> _What needs to be done_:
Your output must consist of the records printed verbatim, with the pictures excluded.

(Records from a dataset)
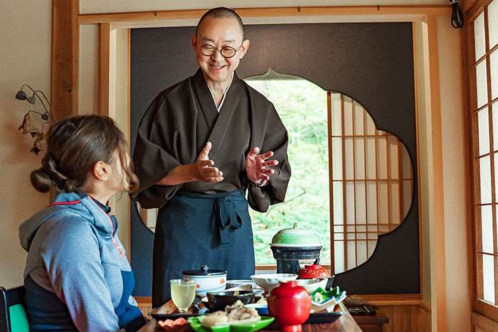 Our journey led us to the tranquil grounds of Daisenji Temple and Ogamiyama Shrine, tucked at the end of the trail. After taking a moment to appreciate the ancient architecture and spiritual atmosphere, we sat down for lunch at Sanrakuso, a family-run temple lodging. There, we were treated to shojin ryori—traditional Buddhist vegetarian cuisine. The meal was a medley of seasonal mushrooms and wild plants, foraged from the mountain slopes and prepared with centuries-old recipes.
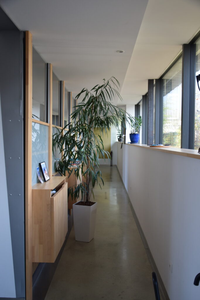 Rolf Matz s’est illustré tout au long de sa carrière d’architecte par sa spécialisation dans la conception bioclimatique et la physique des bâtiments. Pionnier des constructions passives en France, c’est en Allemagne qu’il est allé se former : « Au-delà de la performance énergétique qui est aujourd’hui un enjeu social, j’insiste beaucoup plus sur la notion de confort. Peu d’humidité dans l’air, pas de chocs thermiques. Quand on s’approche ici des baies vitrées au triple vitrage, on ne ressent pas ce froid habituel. Même l’acoustique est importante pour se sentir à l’aise. On entend à peine les enfants qui jouent dans la cour d’école juste à côté. Ça m’amuse et ça ajoute à l’identité des lieux. » Une maison exemplaire qui possède une âme, celle d’une ancienne école. La mère de Rolf Matz, ancienne institutrice, ne s’y est pas trompée : « La première fois qu’elle a visité la maison, elle a fondu en larmes replongeant des années auparavant dans l’école en Moselle – identique à celle-là – où elle avait fait ses premières années en tant qu’institutrice. »
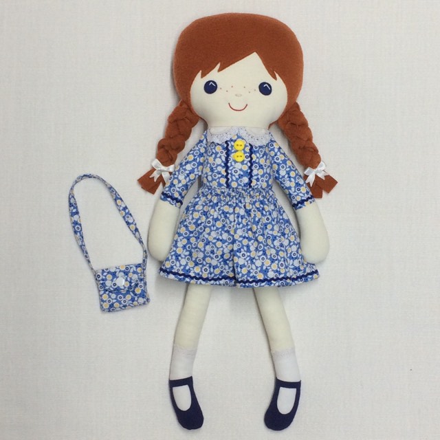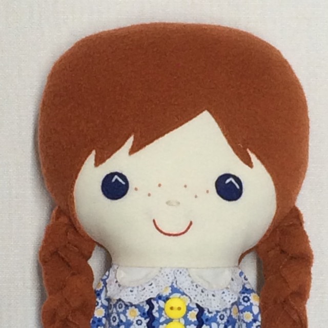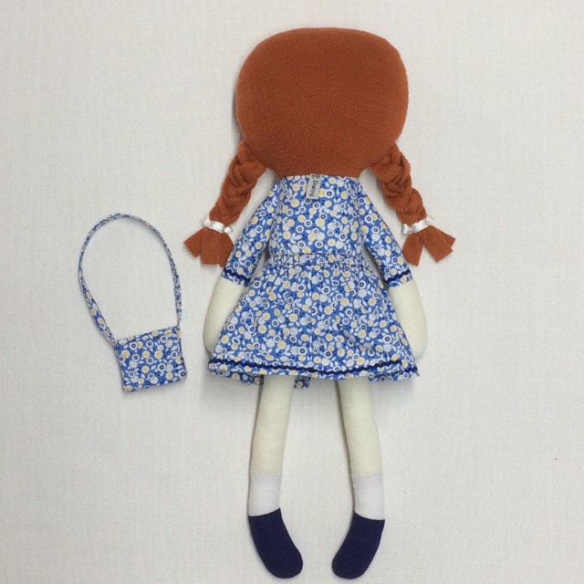 Her ginger hair is made from soft fleece and worn in plaits fastened by white ribbons tied in bows. She has blue eyes which are made from felt. Her red mouth, tiny nose and freckles are securely hand embroidered.
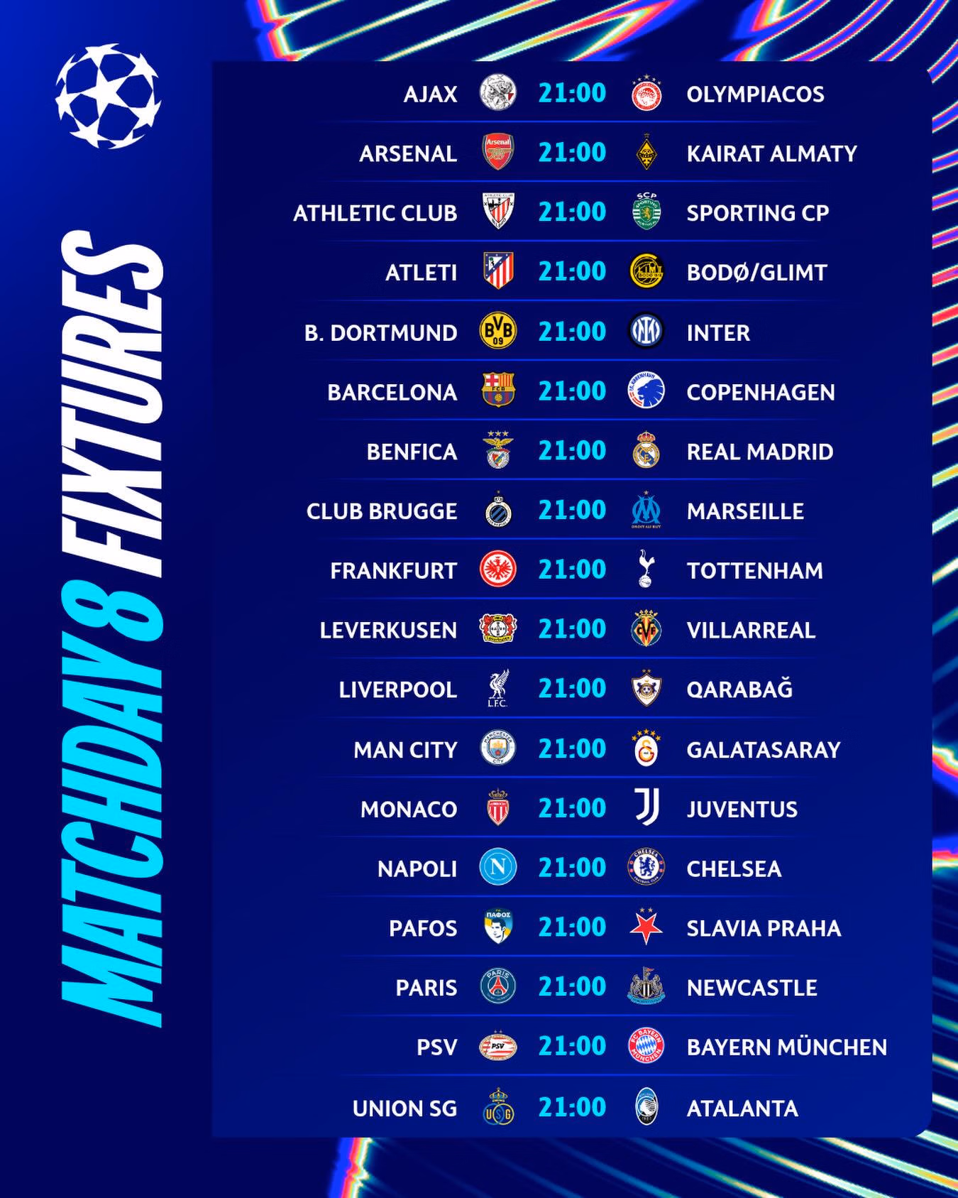 Các cặp đấu còn lại cũng rất gay cấn khi mà các đội vừa đua tranh vào top 8 thì nhóm cuối cố gắng tranh giành tấm vé dự vòng play-off để tranh suất đi tiếp. Như cuộc đụng độ giữa Ajax và Olympiakos.
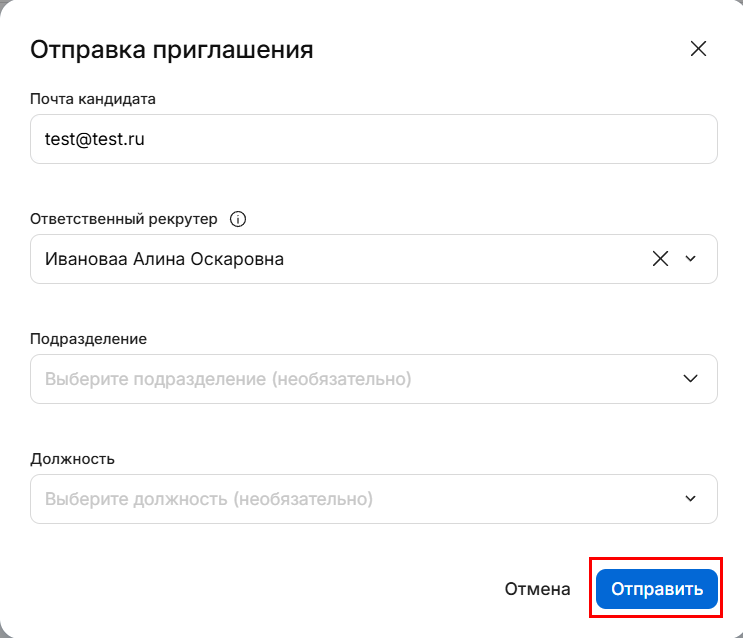 Укажите почту кандидата и выберите ответственного рекрутера. При необходимости укажите подразделение и должность.
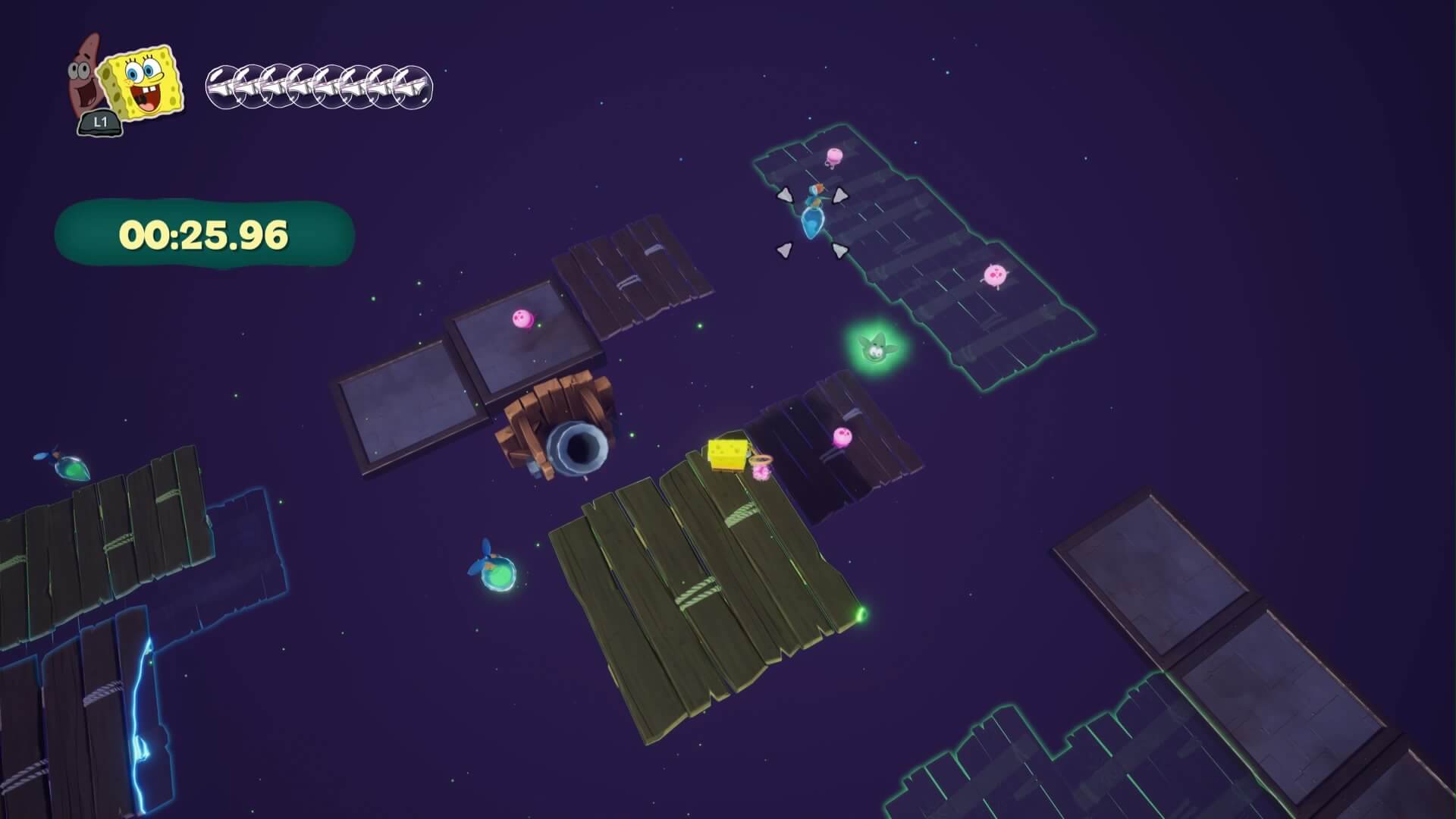 大砲がある方向に飛び下り、角に沿って4匹のクラゲを捕まえる。

> _Problem solution_:
 Our journey led us to the tranquil grounds of Daisenji Temple and Ogamiyama Shrine, tucked at the end of the trail. After taking a moment to appreciate the ancient architecture and spiritual atmosphere, we sat down for lunch at Sanrakuso, a family-run temple lodging. There, we were treated to shojin ryori—traditional Buddhist vegetarian cuisine. The meal was a medley of seasonal mushrooms and wild plants, foraged from the mountain slopes and prepared with centuries-old recipes.
 Rolf Matz s’est illustré tout au long de sa carrière d’architecte par sa spécialisation dans la conception bioclimatique et la physique des bâtiments. Pionnier des constructions passives en France, c’est en Allemagne qu’il est allé se former : « Au-delà de la performance énergétique qui est aujourd’hui un enjeu social, j’insiste beaucoup plus sur la notion de confort. Peu d’humidité dans l’air, pas de chocs thermiques. Quand on s’approche ici des baies vitrées au triple vitrage, on ne ressent pas ce froid habituel. Même l’acoustique est importante pour se sentir à l’aise. On entend à peine les enfants qui jouent dans la cour d’école juste à côté. Ça m’amuse et ça ajoute à l’identité des lieux. » Une maison exemplaire qui possède une âme, celle d’une ancienne école. La mère de Rolf Matz, ancienne institutrice, ne s’y est pas trompée : « La première fois qu’elle a visité la maison, elle a fondu en larmes replongeant des années auparavant dans l’école en Moselle – identique à celle-là – où elle avait fait ses premières années en tant qu’institutrice. »
 Her ginger hair is made from soft fleece and worn in plaits fastened by white ribbons tied in bows. She has blue eyes which are made from felt. Her red mouth, tiny nose and freckles are securely hand embroidered.
 Các cặp đấu còn lại cũng rất gay cấn khi mà các đội vừa đua tranh vào top 8 thì nhóm cuối cố gắng tranh giành tấm vé dự vòng play-off để tranh suất đi tiếp. Như cuộc đụng độ giữa Ajax và Olympiakos.
 Укажите почту кандидата и выберите ответственного рекрутера. При необходимости укажите подразделение и должность.
 大砲がある方向に飛び下り、角に沿って4匹のクラゲを捕まえる。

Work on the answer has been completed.